Re: Hope everyone is OK
Thank you for the update. I am going to see my neurologist tomorrow morning, I hope that he will allow me to up the albuterol dose, I am still only on 6mg and actually ran out of pills the other day and the pharmacist wouldn't refill because the Dr had written the RX wrong. I will talk to him about it tomorrow as I am still feeling significant increases in my strength. I have been able to walk down stairs with minimal help, and I have started going shopping on my own again only using a cane (My husband is not sure he likes it as I seem to have created a monster, but I do enjoy the little bit of added independence). If my neuro will not let me increase my dose I may just discontinue the experiment, and ask my psychiatrist for an increase in my adderall as that has shown to increase my strength just as much as the albuterol has. My PT has noticed significant changes in my strength and is very impressed!

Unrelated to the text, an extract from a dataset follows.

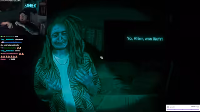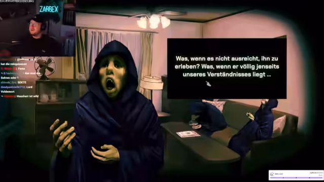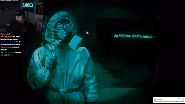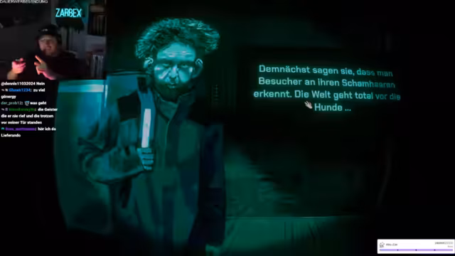 05:37:46Im zweiten Run will der Streamer andere Entscheidungen treffen. Er lässt den Nachbarn herein, der vor den Besuchern warnt und Schutz sucht. Die Nachrichten berichten erneut von einer gewaltigen Energieabgabe der Sonne und den bekannten Bedrohungen. Der Streamer plant, in den nächsten Wochen viel Minecraft zu streamen und auch Koop-Spiele zu zocken, sowie einen 48-Stunden-Stream zu veranstalten. Er lässt eine Esoterik-Olle herein, die er im ersten Run abgewiesen hatte, um zu sehen, was passiert. Sie spricht über Sternzeichen und Mantras, was der Streamer als verrückt empfindet. Er bittet den Chat, nicht zu spoilern, da sich die Rollen der Charaktere in jedem Run ändern können. Der Streamer entdeckt, dass er sich waschen und selbst testen muss, um bestimmte Enden zu vermeiden. Er testet die Esoterik-Olle und entdeckt, dass sie zu viele Zähne hat, was ein Merkmal eines Besuchers ist. Er erschießt sie, was sich als die richtige Entscheidung herausstellt, da sie tatsächlich ein Besucher war.

My major complaints are as usual my depression issues, I was doing really well for a while, I felt strong both physically and mentally, but my mood has taken a huge hit again, and I am back to where I was about a year ago. It is really strange though as I know I will get through it, and my mood will get better, but it doesn't make it any easier. It really is an odd feeling to feel so down, be able to see light at the end of the tunnel, and yet feel as if it doesn't matter. My biggest fear right now is the day I will no longer be able to drive myself places, I drive a Jeep Liberty and love it. Last week I had two cars cut me off, and I had no trouble engaging the brakes etc My husband has promised to let me know when he no longer feels confident driving with me. I still teach two afternoons a week, I tutor a 12th grader in geometry at home at night, and I work out in the pool every morning.
Anyway, if the MI winter is to bad, come on down to FL, we have a spare room ;-)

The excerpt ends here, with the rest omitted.